:: EXERCISE PROMPT ::
The entries below contain pictures, which are to be left out; write out exactly, and only, the lines from the line with "福建省省级非遗代表性传承人兰银才现场教授畲绣。" up to and including the line with "2002年之前,美國非常規天".

(Source data)
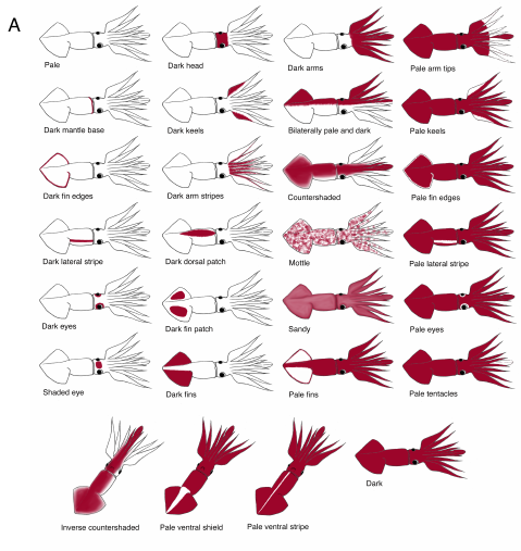 Дослідники виявили, що молюски видають послідовності світлових сигналів і поз, а не окремі не пов’язані між собою сигнали. Наприклад, при переслідуванні здобичі кальмар найчастіше спочатку стає темно-червоним, потім одна половина його тіла світліє.
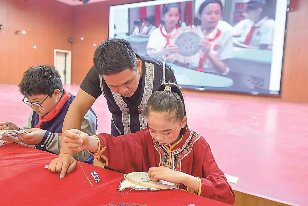 福建省省级非遗代表性传承人兰银才现场教授畲绣。
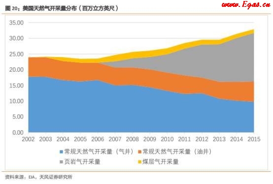 2002年之前,美國非常規天然氣的產量非常小,幾乎可以忽略。2002年之后,美國常規天然氣的產量出現了明顯下滑的趨勢。在煤層氣鉆井技術提高和政府財政補貼支持的雙重作用下,美國煤層氣產業在2002年之后進入了快速發展期,彌補了常規天然氣產量下滑的缺口。隨著頁巖氣革命的爆發,2009年美國以6240億立方米的產量首次超過俄羅斯成為世界第一天然氣生產國,頁巖氣的產量快速爆發,產量幾乎與常規天然氣相當。而煤層氣的產量則逐步穩定下來且略有下降。
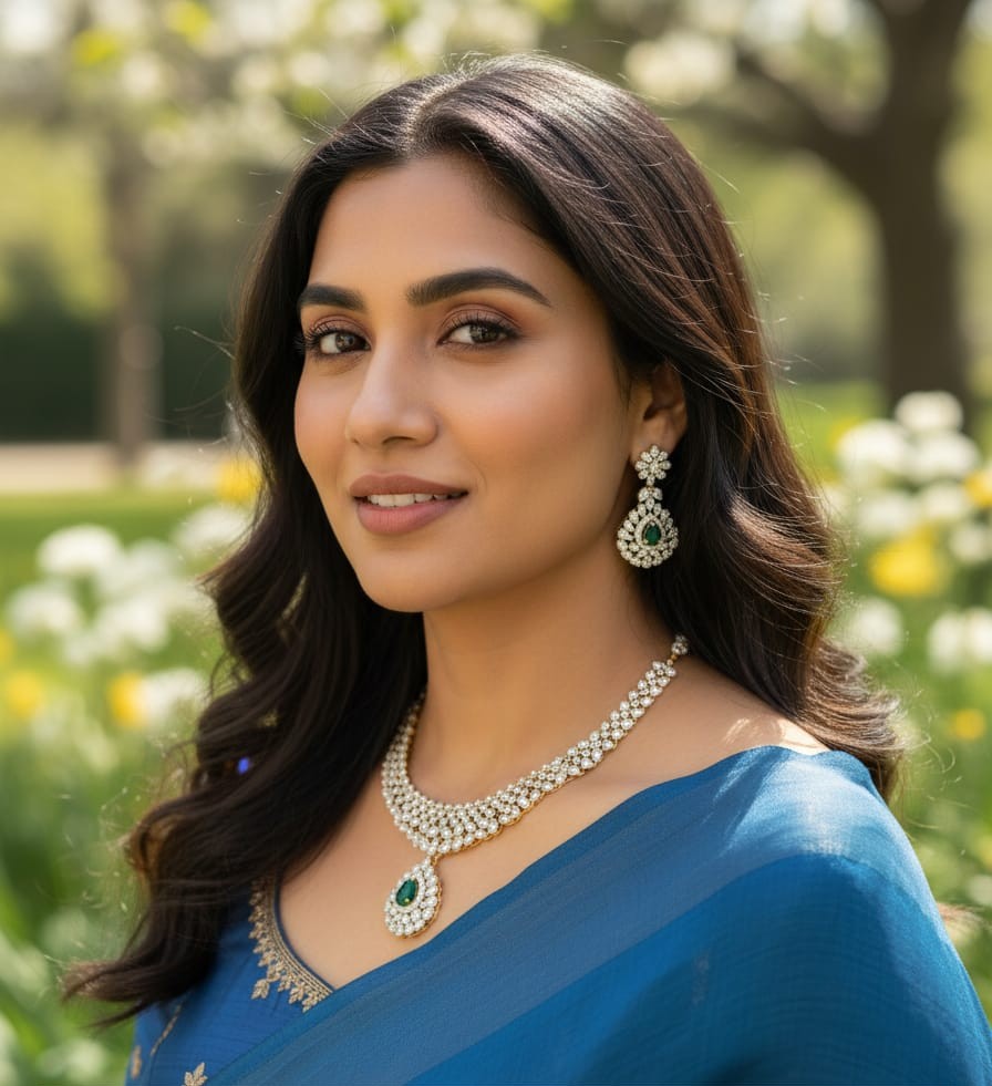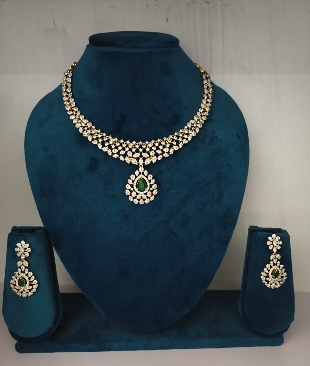 Expertly crafted with premium-quality materials and superior finishing, this necklace offers a rich, polished look that closely resembles fine diamond jewelry. The elegant silhouette rests beautifully on the neckline, enhancing sarees, lehengas, and anarkalis with effortless grandeur. Whether worn for weddings, festive celebrations, receptions, or special occasions, it elevates your ensemble with a royal glow.
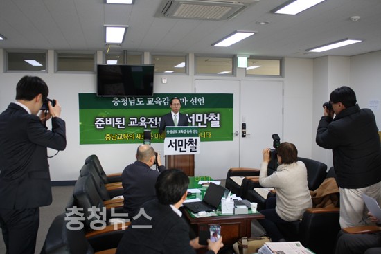 공주대학교 서만철 총장이 28일 오전 충남도교육청 기자실에서 충남교육감 출마선언을 하고 본격적인 선거에 뛰어들었다.
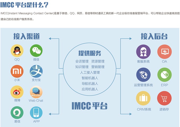 IMCC產(chǎn)品是目前整合互聯(lián)網(wǎng)渠道,國內(nèi)大中型企業(yè)使用最多的互聯(lián)網(wǎng)營銷服務(wù)平臺(tái)。平臺(tái)最初應(yīng)用于中國電信集團(tuán)企業(yè)QQ網(wǎng)絡(luò)客服系統(tǒng)。起初集成騰訊 QQ、MSN等互聯(lián)網(wǎng)聯(lián)絡(luò)工具,具備千萬會(huì)話并發(fā)控制能力,并在國內(nèi)承建首家企業(yè)級(jí)微信平臺(tái),還可以接入微博、淘寶等所有網(wǎng)絡(luò)聯(lián)絡(luò)工具。 IMCC作為營銷、客服全新的接入方式,將大量咨詢、投訴、訂購、推廣等業(yè)務(wù)轉(zhuǎn)移到互聯(lián)網(wǎng)新渠道,優(yōu)化企業(yè)內(nèi)部使用習(xí)慣,改善終端用戶使用體驗(yàn),最終提升用戶品牌,成就客戶!
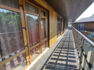 Первое строение - двухэтажный гостевой дом на 9 номеров , у всех видовая, панорамная входная группа, все номера полностью с удобствами ( кондиционер, телевизор, холодильник,шкаф, совмещенный санузел)
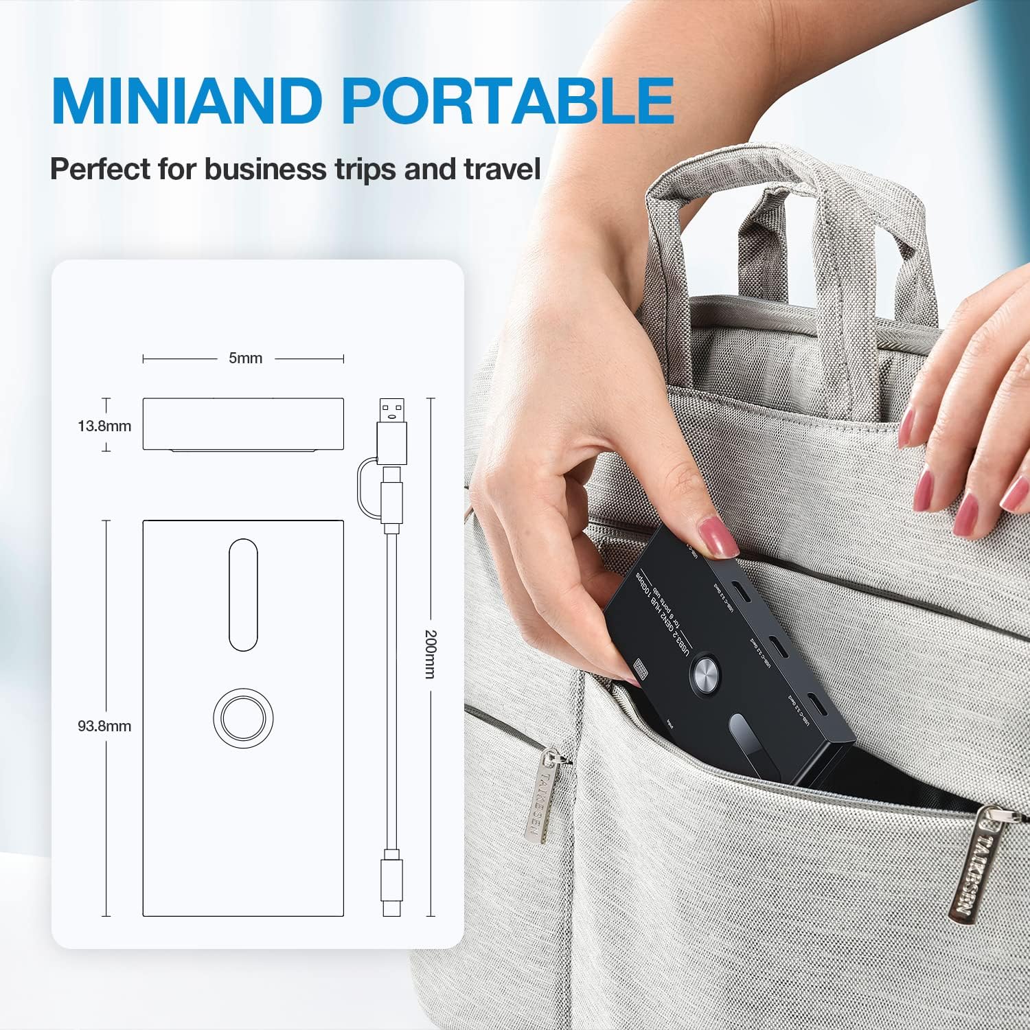 - 【Compact Size】The HUB body is 3.9 inches long, 2 inches wide and 0.55 inches thick, which is about the same thickness as a mobile phone. The length and width of the hub are slightly larger than that a credit card. The cable can be detachable from body, which is not only suitable for desktop use, but also very convenient to carry.
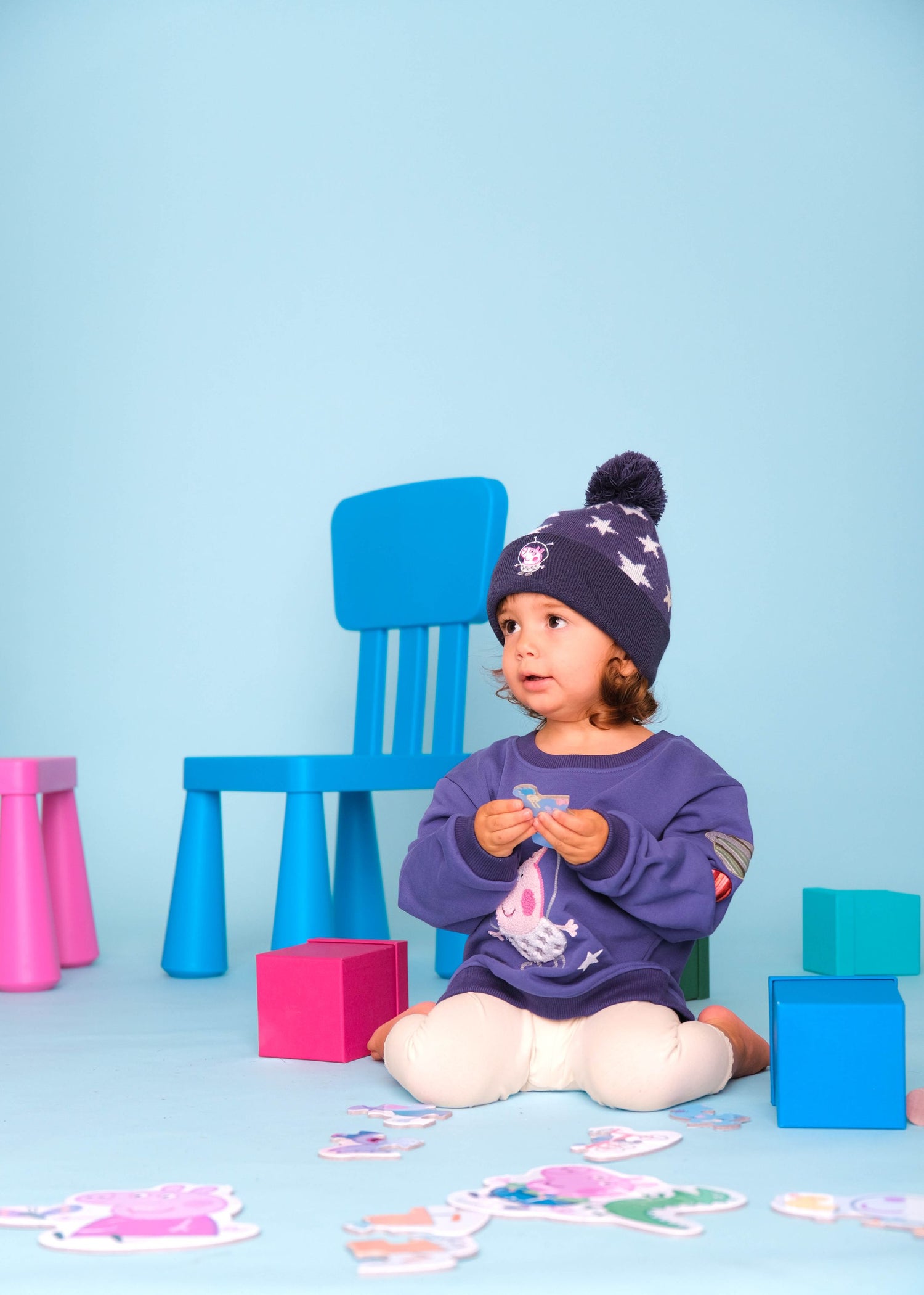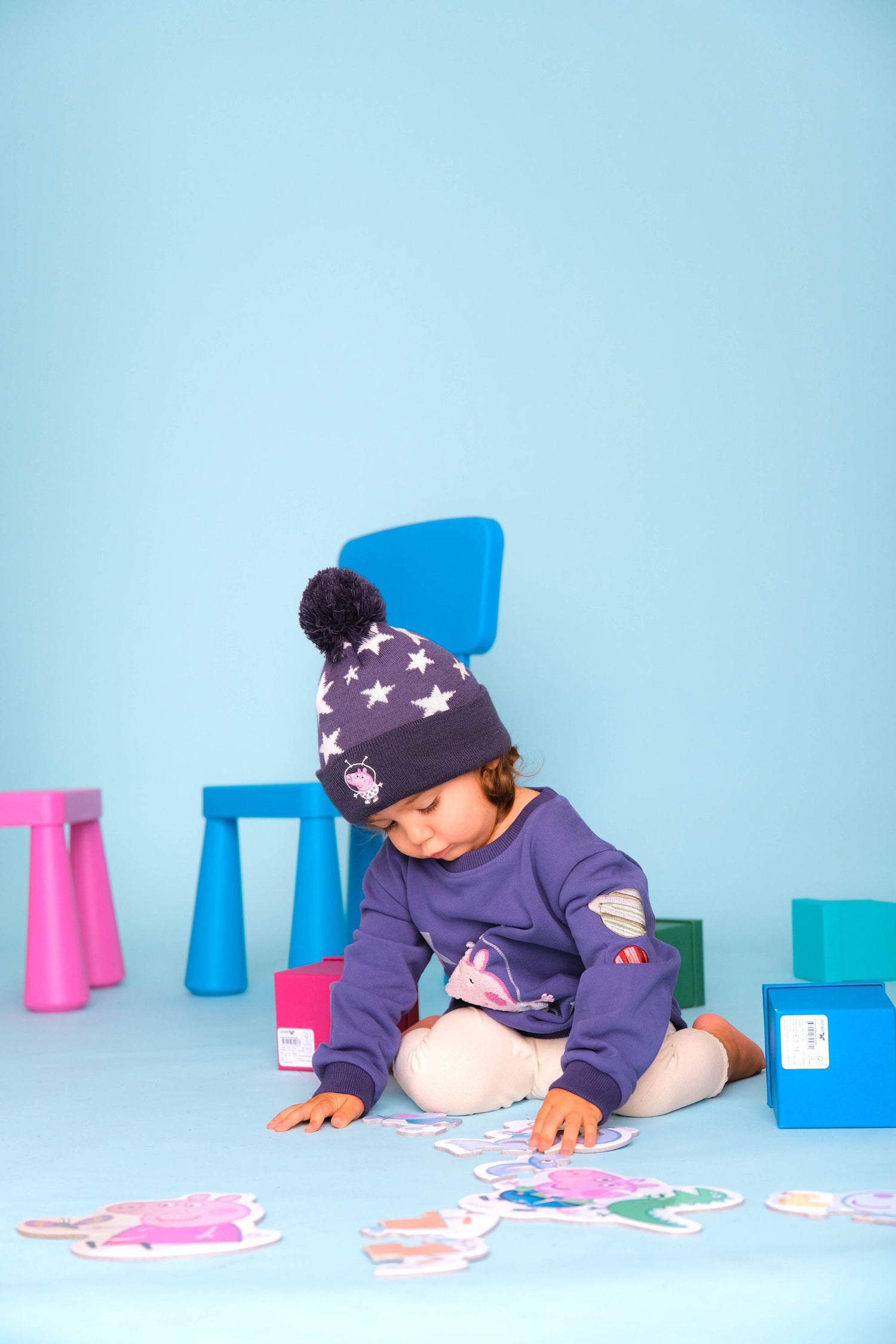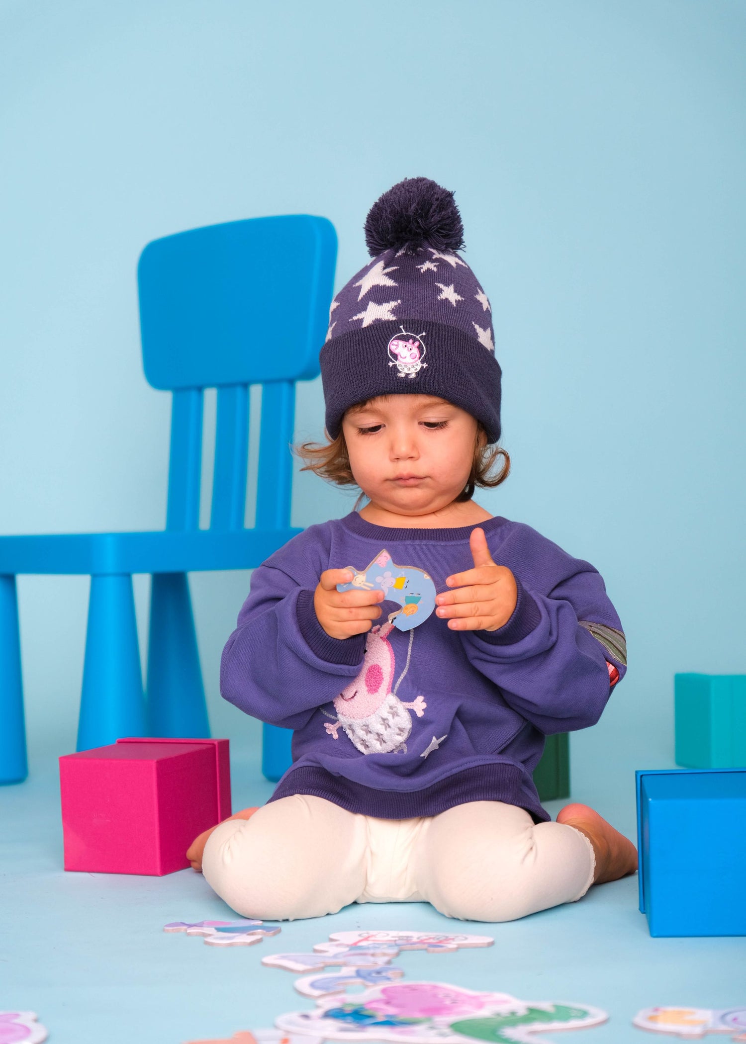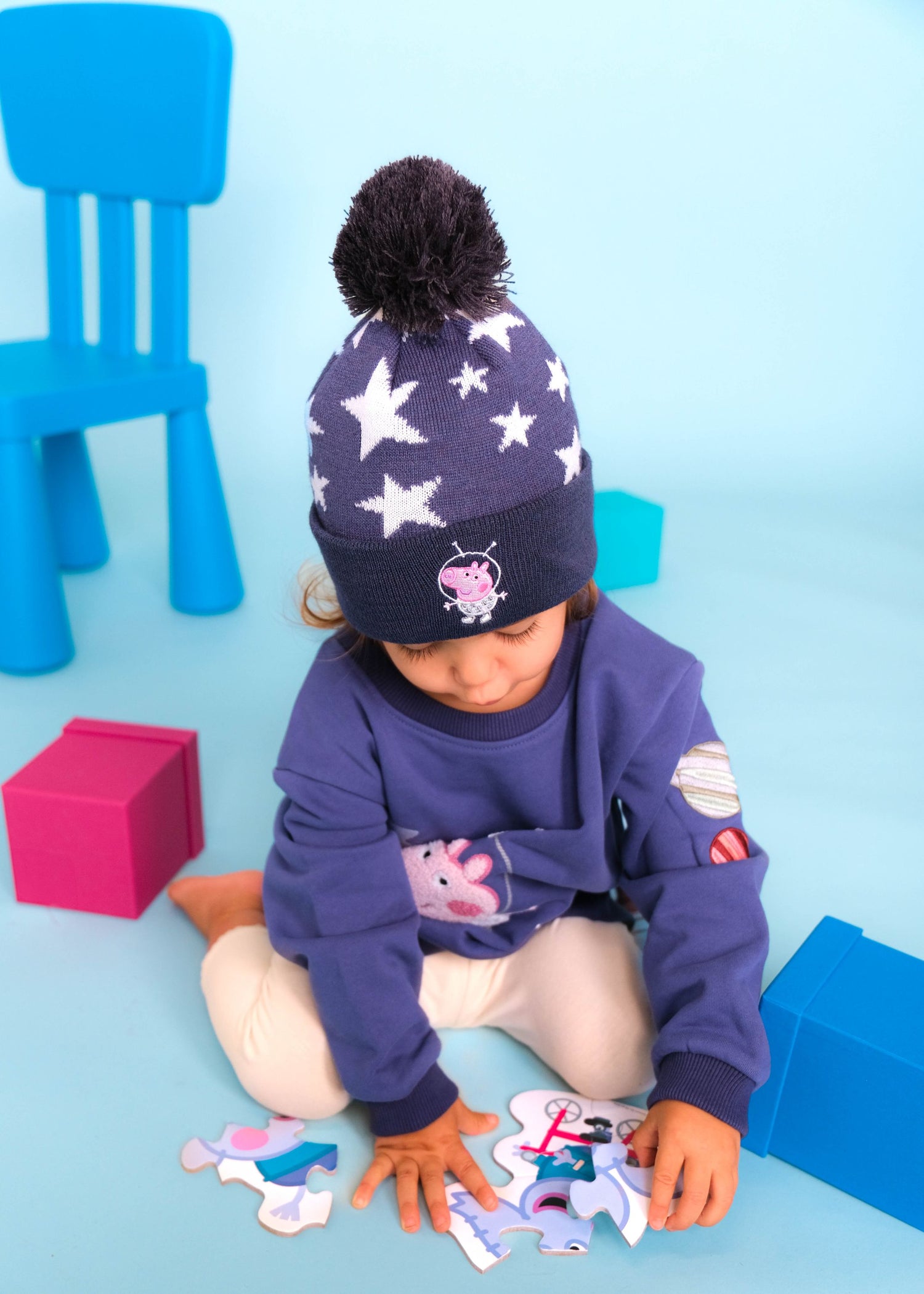 Das süße Design zeigt Peppas kleinen Bruder George in einem Astronautenanzug, umgeben von Sternen, was sofort die Fantasie anregt.

:: SOLUTION FOR THIS TASK ::
 福建省省级非遗代表性传承人兰银才现场教授畲绣。
 2002年之前,美國非常規天然氣的產量非常小,幾乎可以忽略。2002年之后,美國常規天然氣的產量出現了明顯下滑的趨勢。在煤層氣鉆井技術提高和政府財政補貼支持的雙重作用下,美國煤層氣產業在2002年之后進入了快速發展期,彌補了常規天然氣產量下滑的缺口。隨著頁巖氣革命的爆發,2009年美國以6240億立方米的產量首次超過俄羅斯成為世界第一天然氣生產國,頁巖氣的產量快速爆發,產量幾乎與常規天然氣相當。而煤層氣的產量則逐步穩定下來且略有下降。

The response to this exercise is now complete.